RTSystemEditorのコンフィギュレーションセットGUI設定

コンフィギュレーションパラメータは、RTSystemEditorのコンフィギュレーションセット設定ダイアログのGUIウィジェットから操作可能です。 通常、RTCBuilderでRTCを設計する場合、各パラメーターに割り当てるGUIウィジェットの種類を指定できますが、component.confからGUIウィジェットの割り当てを指定することもできます。

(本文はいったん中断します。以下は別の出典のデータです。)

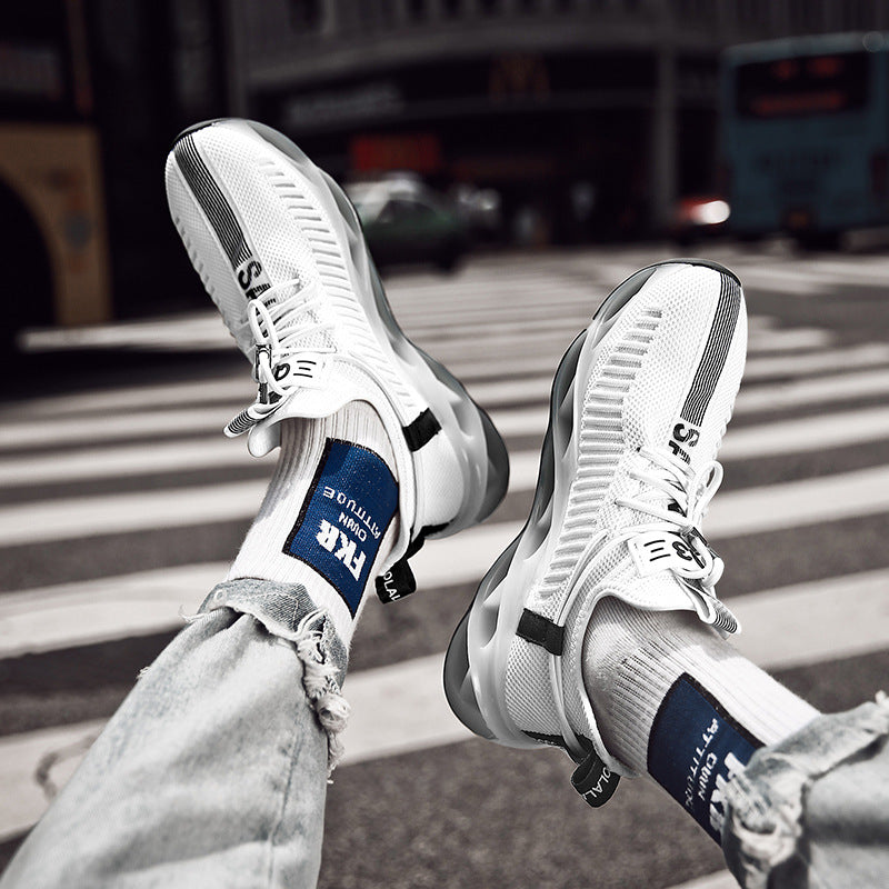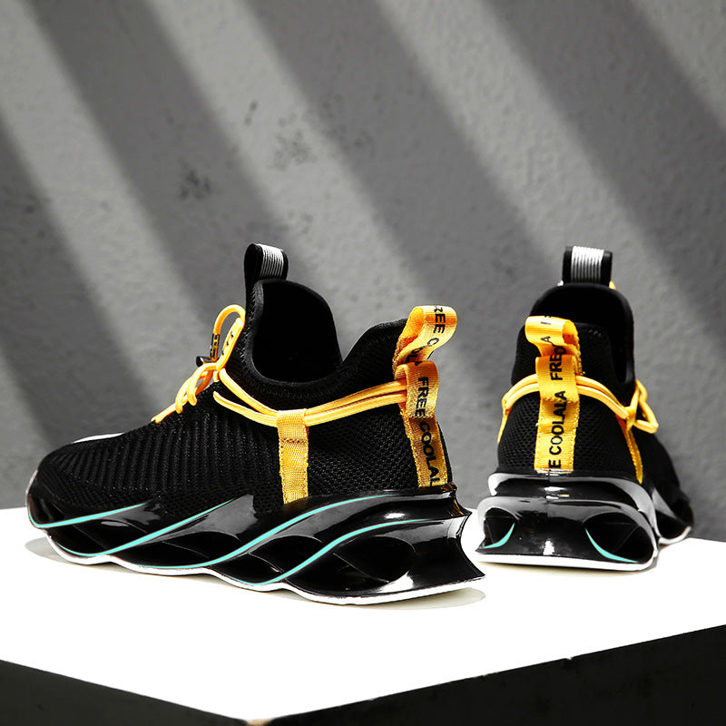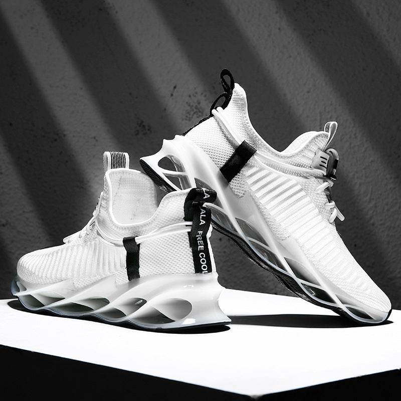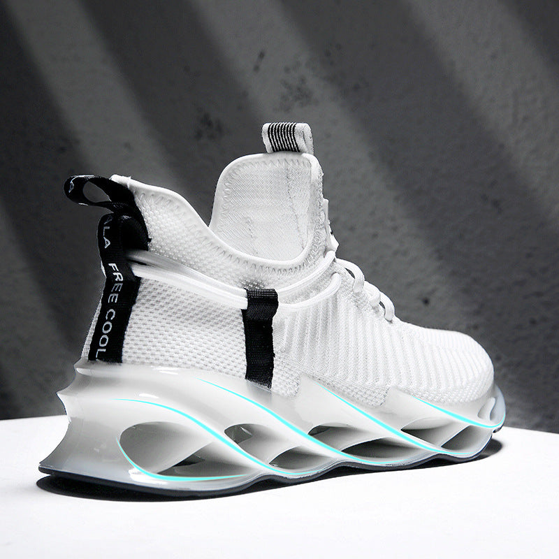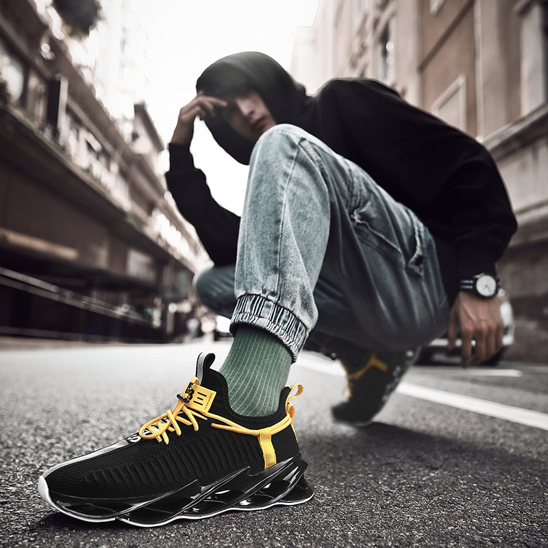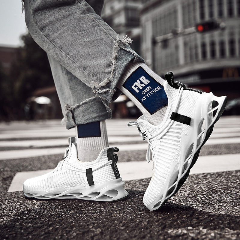 The light blue strips on the sole of the shoe is the effect of using a light to shine on the shoes. we don't have the light blue strips on the sole of the shoe.
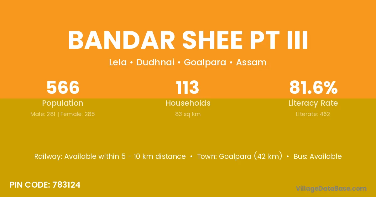 Goalpara (42 km) is the nearest town to Bandar Shee Pt Iii village for major economic activities and is located approximately 42 km away.
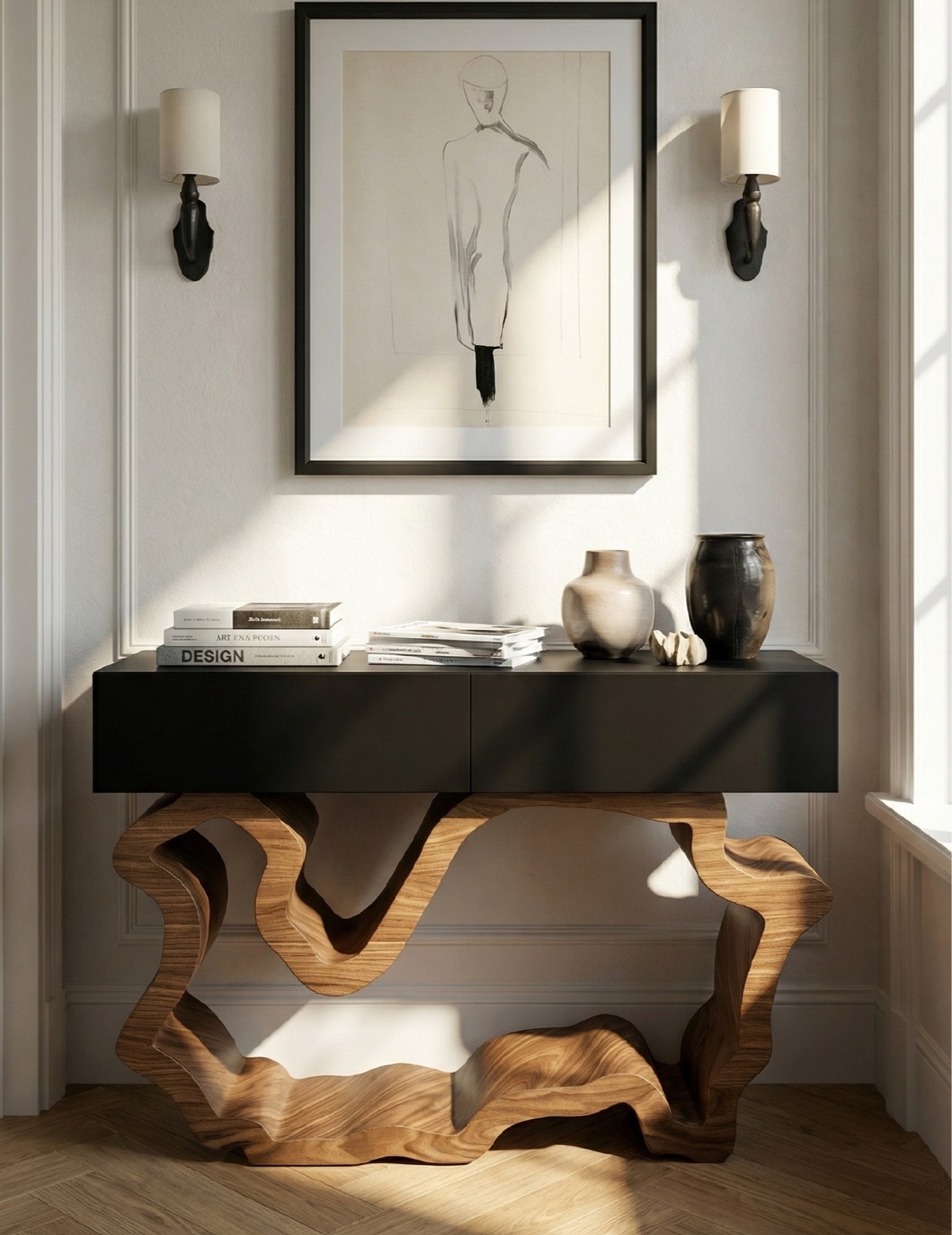 Размер 120 на 84 на 35 см, отделка низа шпон ореха, верх черный
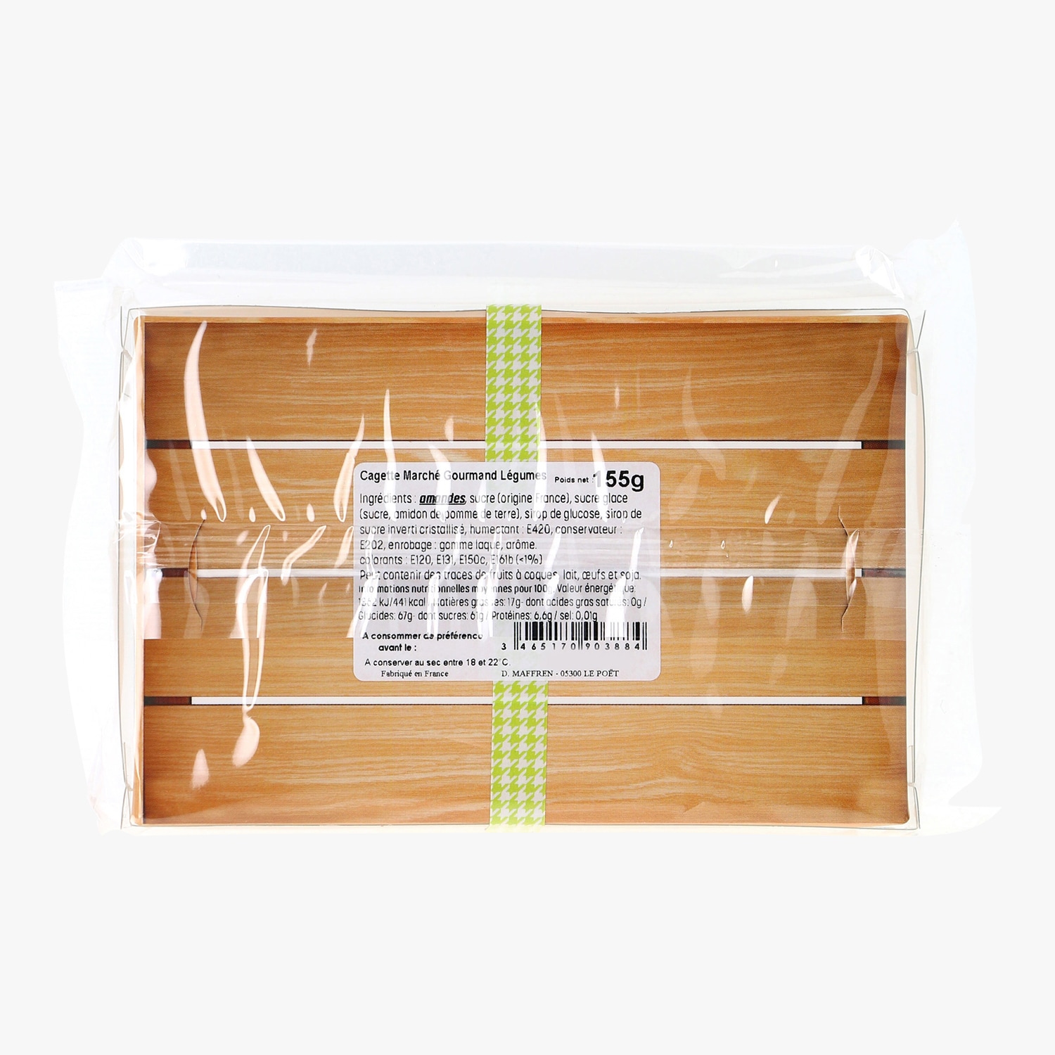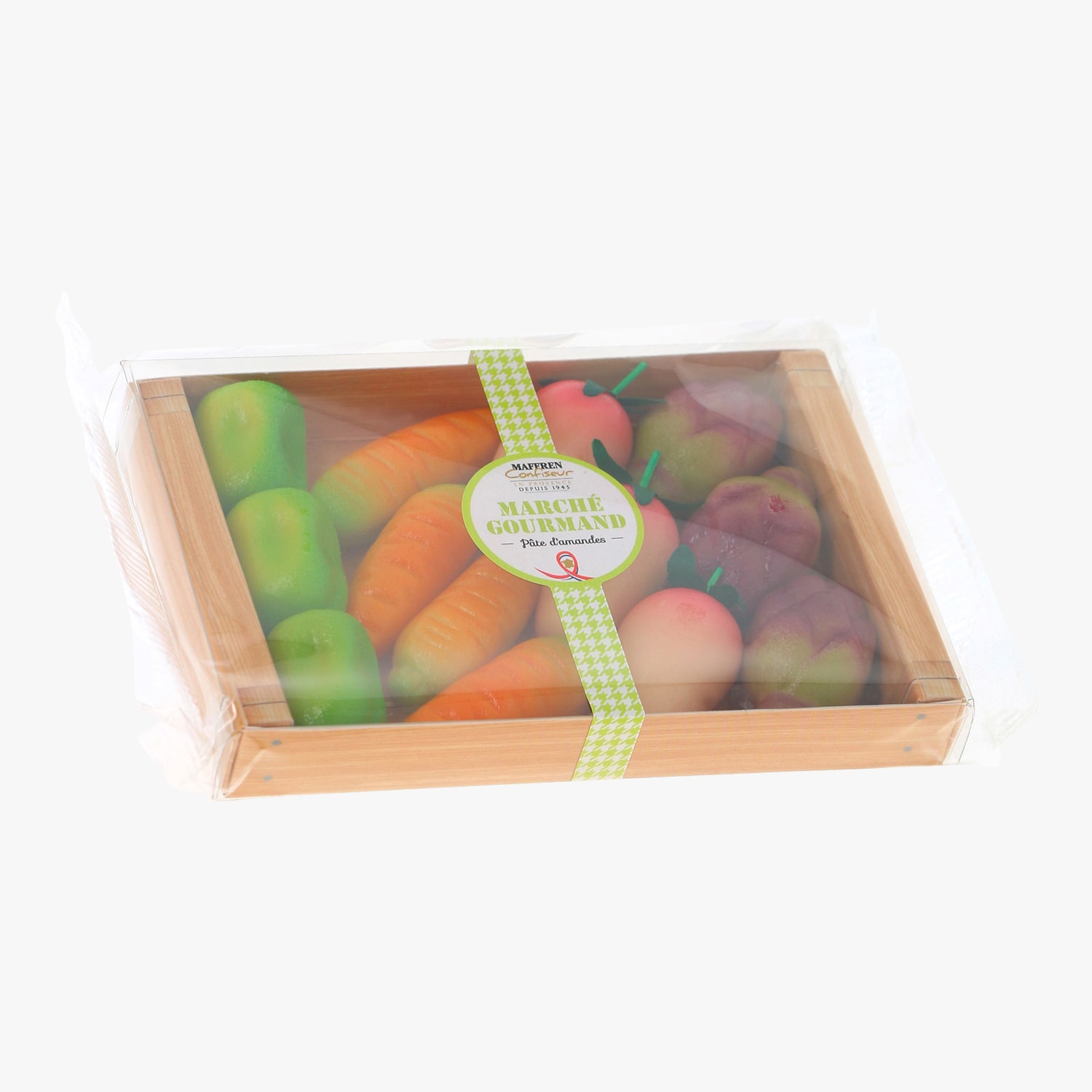 Le célèbre confiseur Maffren nous propose ici un véritable assortiment de légumes en pâte d'amandes confectionnés et décorés à la main. Ils sont présentés dans leur petite cagette en bois, comme au marché. Bref, un vrai régal pour les papilles comme pour les yeux.
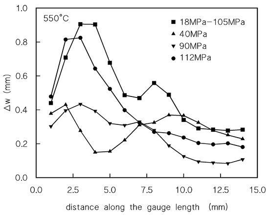 Visual observation of the crept samples reveals that in creep, deformation is not homogeneous (Figure 6 and Figure 7). Figure 6, in particular, shows a macrograph of the sample crept at 550 °C under 18 and 105 MPa (the VLE). The strain localization in the softer portions of the sample is apparent. Figure 7 shows the reduction in width (w) measured along half of the gauge length after creep (just half of the sample is considered since fracture occurred in most of the samples on the other side of the gauge length). The figure clearly suggests that when the sample is loaded under high stresses, strain is highly localized in PM, an effect that is much less pronounced in the low-stress region.
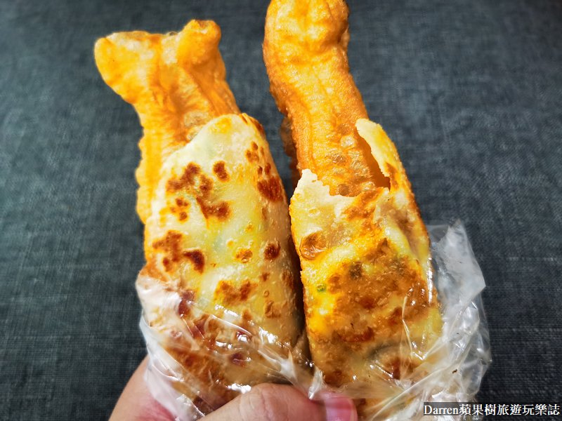油條蛋餅就是油條外面包著蛋餅,外面常見都是燒餅油條,油條蛋餅拿起來很大一份,老闆娘直接對半切,我很想說可以幫我切3等份,油條咬下去卡滋非常酥脆,外面的蛋餅表面恰恰,合在一起吃讓油條多了蛋香,如果是蛋餅控的朋友,可以來試試這家國泰早點,蛋餅CP值很高口感不錯
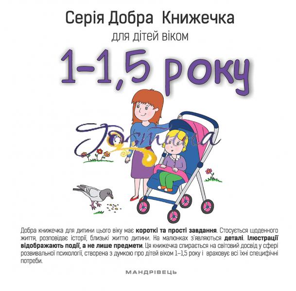 Добра книжечка для дитини цього віку має короткі та прості завдання. Стосується щоденного життя, розповідає історії, близькі життю дитини. На малюнках з’являються деталі. Ілюстрації відображають  події, а не лише предмети. Ця книжечка спирається на світовий досвід у сфері розвивальної психології, створена з думкою про дітей віком 1-1,5 року і враховує всі їхні специфічні потреби.
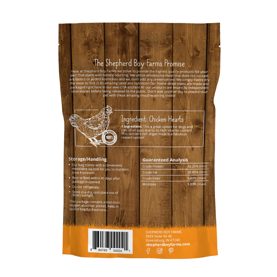 Visit Shepherd Boy Farms website to know more about Shepherd Boy Farms Freeze-Dried Chicken Hearts Treats For Dogs & Cats
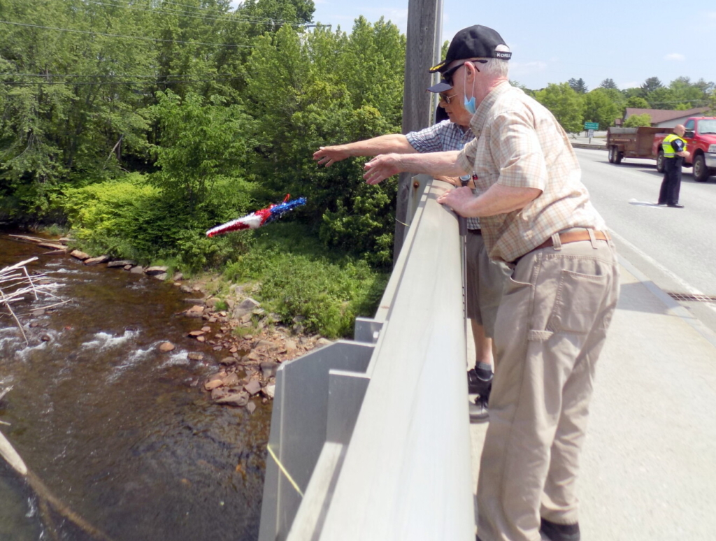 Veterans Douglas Hand and Rodney Titcomb served as color guard, marching the American and Veterans of Foreign War flags to the middle of Center Bridge.
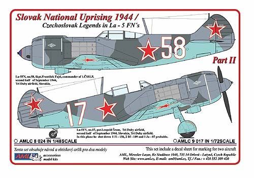 AML - AMLC9017 - 1:72 | Slovak National Uprising 1944/ Czechoslovak Legends in Lavochkin La-5FN's 2 decal versions : Part II More | Aircraft decals (military) | Catalogue | £4.40 | ||
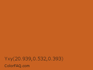 Yxy 20.939,0.532,0.393 Color is a normal orange color and the nearest color is Piper #c96323. Hex code #c86121 and RGB value is rgb(200,97,33). In RGB color space, this color is composed of 78% red, 38% green, 13% blue, In CMYK color space, this color is composed of 0% cyan, 52% magenta, 84% yellow , 22% black , In HSL color space, this color has a hue angle of 23° , 72% saturation and 46% lightness.
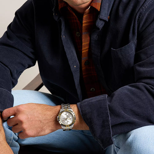 Garrett is an oversized watch with classic sport styling. The two-tone stainless steel bracelet combines silver-tone and gold-tone finishes for a refined contrast, complementing the matching case. A rich silver sunray dial creates depth, and multifunction sub-dials add practical detail. Thoughtfully crafted with quality materials, this watch emphasizes both design and everyday wearability.
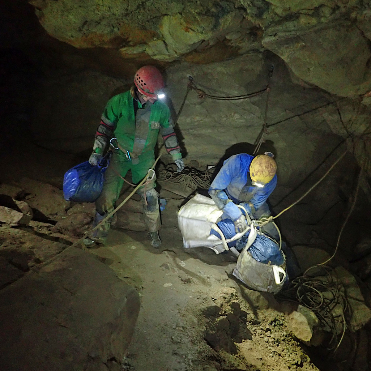 A mountain of rubbish bags lay in White Passage following the complete clear out of the long disused Western Flyover camp and a thorough clean-up at the Hard Rock Café camp – all that was needed now was to get them out of the cave.
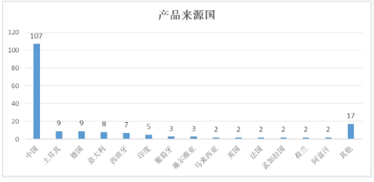 ¡¡¡¡²úƷȪԴµØ£º180ÆðÎ¥¹æ²úÆ·ÖУ¬À´×ÔÖйú£¨°üÀ¨ÖйúÏã¸ÛºĮ́Í壩µÄ²úÆ·107Æð£¬Õ¼±È59%¡£À´×ÔÍÁ¶úÆäµÄ²úÆ·9Æð£¬µÂ¹ú9Æð£¬Òâ´óÀû8Æð£¬Î÷°àÑÀ7Æð£¬Ó¡¶È5Æð£¬ÆäËû¹ú¼ÒµÄ½ÏÉÙ¡£Ïê¼ûÏÂͼ¡£
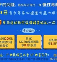 为了响应国家关于青少年近视防控工作的开展,普及青少年近视防控知识,南宁爱尔“2018年青少年身心健康公益大讲堂”将于3月18日在广西民族艺术宫(广西音乐厅)举办。届时,将邀请在眼科领域有较深造诣的刘伟民教授讲解青少年近视的防控知识。...【浏览全文】
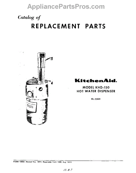 Parts for Kitchenaid KHD150: 01 - Section Parts
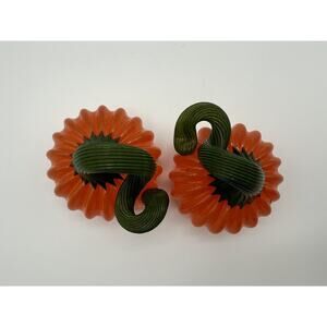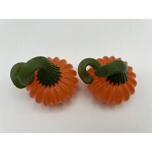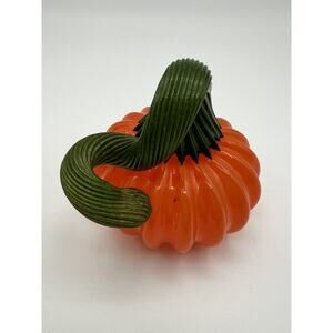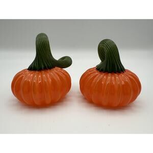 Lovely set of 2 Blown Art Glass Pumpkin Paperweights ~ Orange & Green Fall Decor. Pumpkins measure approx. 3” tall. Good condition, no chips or cracks.

  •  conf.[configuration_set_name].[parameter_name]:
     conf.__widget__.[parameter_name]: GUI control type for RTSystemEditor
     conf.__constraint__.[parameter_name]: Constraints for the value

利用可能なウィジェット [widget] の一覧

書式

 conf.__widget__.[widget_name]: [widget_type].[widget_option]

書式詳細

  • [widget_name]: widgetの名称=Configuration Setパラメータ名
    • text: テキストボックス (デフォルト)
    • slider.<step>: 水平スライダー。<step> はスライダーのステップ単位。範囲制約オプション(後述)が必要。
    • spin: スピンボタン。範囲制約オプション(後述)が必要。
    • radio: ラジオボタン。列挙型制約オプション(後述)が必要。
    • checkbox: チェックボックス。列挙型制約オプションが必要。パラメータはカンマ区切りのリストを解釈可能でなければならない。
    • ordered_list: 順序付きリスト。列挙型制約オプションが必要。パラメータはカンマ付きリストを解釈可能でなければならない。このコントロールでは、リストの中に列挙型の要素が1つ以上現れる。
  • [widget_type]: 使用するwidgetのタイプ, (text, slider, spin, radio, checkbox, ordered_list,)
  • [widget_option]: sliderのみステップ単位を指定可能

 conf.__widget__.int_param0: slider.10
 conf.__widget__.int_param1: spin
 conf.__widget__.double_param0: slider.10
 conf.__widget__.double_param1: text
 conf.__widget__.str_param0: radio
 conf.__widget__.vector_param0: checkbox
 conf.__widget__.vector_param1: ordered_list

利用可能な制約条件 [constraints] の一覧

書式

 conf.__constraints__.[parameter_name]:

書式詳細

  • なし:(空白)
  • 即値: 100 (制約値)
  • 範囲: <, >, <=, >= および変数 "x" が利用可能
  • 列挙値: (enum0, enum1, ...)
  • 配列: <constraints0>, <constraints1>, ... for only array value
  • ハッシュ値: {key0: value0, key1:, value0, ...}

制約指定例

  • 制約なし : (blank)
  • 即値 : 100 (read only)
  • 100 以上 : x >= 100
  • 100 以下 : x <= 100
  • 100 より大きい : x > 100
  • 100 未満 : x < 0
  • 100 以上 200 以下: 100 <= x <= 200
  • 100 より大きく 200 、未満 : 100 < x < 200
  • 列挙型制約 : (9600, 19200, 115200)
  • 配列 : x < 1, x < 10, x > 100
  • ハッシュ : {key0: 100<x<200, key1: x>=100}
  •  conf.__constraints__.int_param0: 0<=x<=150
     conf.__constraints__.int_param1: 0<=x<=1000
     conf.__constraints__.double_param0: 0<=x<=100
     conf.__constraints__.double_param1:
     conf.__constraints__.str_param0: (default,mode0,mode1)
     conf.__constraints__.vector_param0: (dog,monkey,pheasant,cat)
     conf.__constraints__.vector_param1: (pita,gora,switch)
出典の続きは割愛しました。